Prepping your next session usually consists of reading through the next location and making a few random rolls. The many random tables make this something you can run on the fly, but with so many references to other sections and so many ideas to unpack, it’s more than advised to spend some time digesting the things being thrown at you. I’m not a solo gamer, but I’m sure the tools at your disposal for road events and their impacts on the caravan could easily make this playable for one person with imagination and time. If nothing else, this is a great read. Put on Dark Side of the Moon, light up some…incense, and flip through to some random locations. From there, a good evening is guaranteed.

But there I am getting enamored with the vibe, something easy to do with a book like this. Let me take a moment to get down to more mundane details. The book is a touch under 250 pages, with a hard back and good binding. The first 163 are locations, adventure seeds, and the map itself. The rest are tools for other details, like the caravan, enemies, items, weather, and lots of small but substantial details to fill out the game. I have one issue with the presentation:  I wish the pages leaned more on the magnificent artwork. Almost exclusively, the book is made up of white pages with blocks of text in or around the setting’s artwork. If some of those pieces were integrated more with the content, it would be easier to navigate and communicate more about the setting.

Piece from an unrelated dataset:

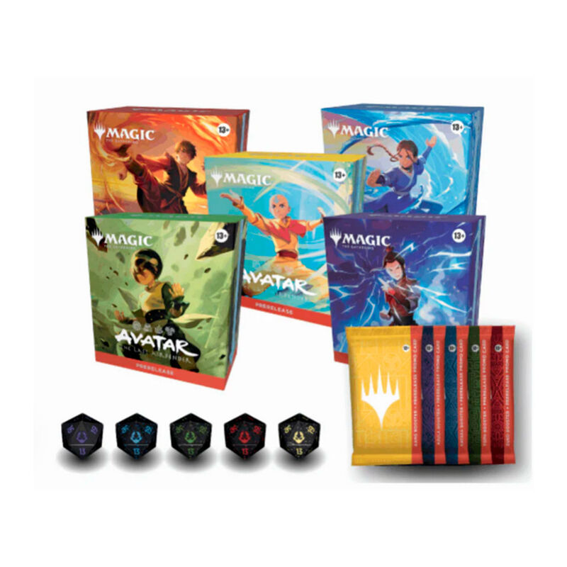 Elige uno de los cinco Packs de Presentación de proporción especial y comienza tu aventura con Magic: The Gathering | Avatar: La Leyenda de Aang. Cada Pack Prerelease MTG Avatar Aang contiene 5 sobres de juego, 1 sobre de personaje de proporción especial basado en un personaje concreto de la serie y un color de Magic, 2 fichas no foil de dos caras según el color, 1 carta rara o rara mítica foil tradicional con el año estampado y 1 dado Spindown temático. ¡Ideal para jugadores mayores de 13 años que buscan coleccionar, jugar y dominar los elementos en este crossover legendario!
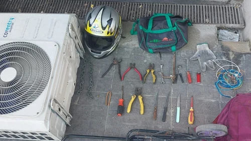 Luego de identificarlos fueron requisados en presencia de testigos encontrando entre sus pertenencias varias herramientas y un casco de moto.

One last note: you might prefer the PDF to the physical book. The book itself is a remarkable artifact, something that will brighten your room and start conversations with visitors. That said, the PDF and its CTRL+F function could make it easier to find specific references. For some people, it’s the opposite, as they locate sections more easily in a physical object, with different information distributed at different page-weights, but the bulk of information could cut down on time while you’re at the table.

Review Guidelines
85

Ultraviolet Grasslands 2nd Edition

Great

Ultraviolet Grasslands is a singular RPG experience—gorgeously weird, endlessly imaginative, and unlike anything else out there. It’s dense, yes, but also rich with tools and ideas that reward time spent exploring its surreal, slow-burn journey. While its layout and prose can challenge even experienced GMs, the payoff is a caravan-based adventure that makes the road itself more compelling than the destination. It’s not just a book you play—it’s one you live in for a while, and could support endless new adventures.


Pros
  • Unmatched Atmosphere and Art
  • Deep Toolkit for Exploration
  • Infinite Replayability
Cons
  • Sometimes too weird to be approachable
  • The organization will leave you confused
  • Art and text are not always well integrated

This review is based on a retail copy provided by the publisher.